| Problem |
What the task requires is an exact printout of the listing below, pictures excluded.

| Available data |

+ + + + + + +

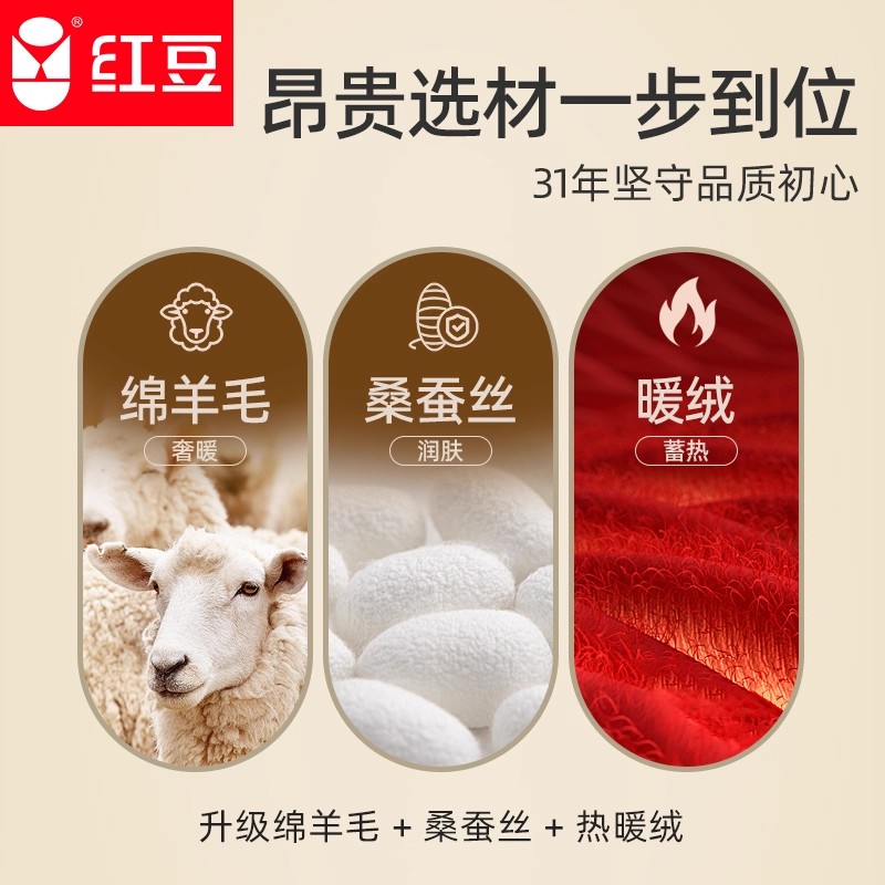 红豆女士羊毛蚕丝保暖内衣加绒加厚中老年人秋衣秋裤 冬打底男 套装
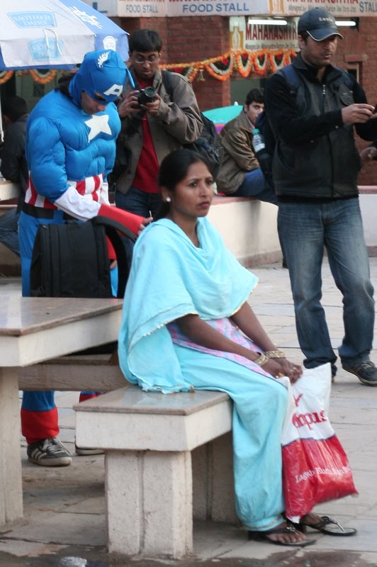 Wolverine really did look like wolverine! Not sure who these guys are in the black... when we were first coming in I saw them and said to Adam: "Hey! Look some people wore costumes!"... then Adam said: "Andrea, those aren't costumes, they're burkas!".... then I felt really bad until we got closer and we saw that they really were costumes :) haha!
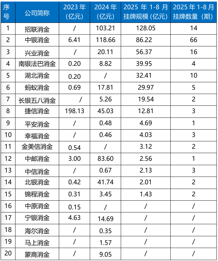 在挂牌规模超过10亿元的8家消金公司中,多达7家同比增幅超过100%或实现零突破,兴业消金挂牌规模甚至约为去年同期的90倍。中小机构加速入场,推动市场参与度提升。

+ + + + + + +

| Answer area |
 红豆女士羊毛蚕丝保暖内衣加绒加厚中老年人秋衣秋裤 冬打底男 套装
 Wolverine really did look like wolverine! Not sure who these guys are in the black... when we were first coming in I saw them and said to Adam: "Hey! Look some people wore costumes!"... then Adam said: "Andrea, those aren't costumes, they're burkas!".... then I felt really bad until we got closer and we saw that they really were costumes :) haha!
 在挂牌规模超过10亿元的8家消金公司中,多达7家同比增幅超过100%或实现零突破,兴业消金挂牌规模甚至约为去年同期的90倍。中小机构加速入场,推动市场参与度提升。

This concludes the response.